In Mozambique, in the 1980s, they were called calamidades, meaning calamity, since they were donated by the West during the civil war.

The Somali also call second-hand clothes hudheey/hudeey, derived from the English phrase “who died?”, implying that such clothes are collected from dead white men and brought to Africa.

Second-hand clothes as “clothes you select or rummage”

Karen Tranberg Hansen in her book “Salaula: The World of Secondhand Clothing in Zambia” notes that the Zambians call them salaula, meaning ‘things you select by rummaging’ while the Malawians call them kaunjika, which in Nyanja means ‘to pick’.

Benhilda Mlambo Masarira, in a tweet, noted that in Zimbabwe, they are called khothama among the Ndembele meaning to bend down, and mpedza nhamo in Shona, meaning to relieve poverty or to eradicate poverty.

To Angelique Gatsinzi, in Rwanda, second-hand clothes are caguwa or chaguwa, a name derived from the Swahili chagua meaning to select. In Uganda, it is mivumba — to bend down and select. Among the Burundians, vuyula, according to Steve Ndikumwenayo, also means rummaging.

A similar meaning is adopted by Zimbabweans living in South Africa. They call the place where such clothes are sold, dunusa, meaning bend-over, while some places are called ematshoko meaning the place of rummaging.

Carl Terver, an editor, informed me that informed me that in Nigeria, it is “Okirika” — a name second-hand clothes borrowed from the place where they were first introduced and sold.

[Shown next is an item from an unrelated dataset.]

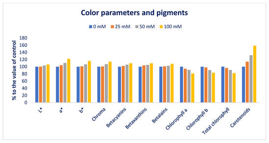 Figure 1 and Figure 2 represent the color parameters and pigments under different sodium chloride stresses. Preference, choice making, and acceptability of the product mostly depend on leaf color, which contributes significantly to the choice of consumers. It is a key indicator for evaluating the ARC of leafy vegetables [91]. The LS6 accession had high positive a* and b* values, indicating the presence of abundant red and yellow color pigments (betaxanthins, carotenoids, betacyanins, anthocyanins, and betalains). Our obtained results corroborated the results of Colonna et al. [91]. Betacyanins, chroma, L*, carotenoids, betaxanthins, betalains, a*, and b* values were progressively augmented in the order: Control < 25 < 50 < 100 mM salt stress. In contrast, total chlorophyll, chlorophyll b, and chlorophyll a content were drastically reduced in the order: Control > 25 > 50 > 100 mM salt stress. Carotenoids, L*, chroma, b*, betacyanins, betaxanthins, betalains, and a* were augmented by 14%, 0%, 1%, 1%, 2%, 4%, 1%, 4%; 28%, 32%, 3%, 7%, 7%, 6%, 5%, 3%, 11%; and 59%, 6%, 14%, 16%, 10% 10%, 8%, 22% under 25; 50; and 100 mM salt concentrations, respectively. In contrast, chlorophyll b, chlorophyll a, and total chlorophyll content were reduced by 2%, 6%, 4%; 9%, 9%, and 9%; and 17%, 19%, 18%, respectively, compared to control conditions (Figure 3). Petropoulos et al. [52] reported that the chlorophylls of Cichorium spinosum were drastically reduced with an increment in sodium chloride stress.

Second-hand clothes as “castoffs”

Richard Ali, the Managing Editor of Jalada Africa — an organization at the forefront of a renewed push for writing and translations in African languages — added that among the Hausa, second-hand clothes are kayan gonjo. Gonjo means castoffs.

In Togo, they are called abloni or sogava meaning ‘bring your money’ or ‘pay whatever you have’, owing to the belief that castoffs are comparatively cheap.

The critically acclaimed and celebrated writer Hawa Jande Golakai enriched our conversation, adding that in Liberia, they are called dogafleh meaning old clothes, the kind you find at the bend down boutique.

Among the Luo in Kenya, second-hand clothes are called omboto, meaning flea, a name depicts such items as having fleas. To buy omboto was associated with poverty.

These names impart local meaning on second-hand clothes imports. They carry the source reference, which is the West: Europe and America. They carry the reason why they are no longer used in their countries of origin: their owners died, they are castoffs, they are of no use in the country of origin or are humanitarian aid. Other references capture the market situation: how they are packaged or how they are sold, in terms of shaking, sorting, selecting, bending.

Second-hand clothes carry both the individual and collective identity of their origin, that is, the fashion, style, and aesthetics. As discarded and unwanted items, second-hand clothes mediate notions of dignity and well-being. As imported commodities, second-hand clothes reference the nature of trade relations between Africa and the West, and how such relations influence local production. They are characteristic of the hegemonic domination of local markets by western commodities, a pertinent concern in the face of the United States onslaught on East Africa’s attempt to ban importation of second-hand clothes in order boost domestic textile manufacturing industry.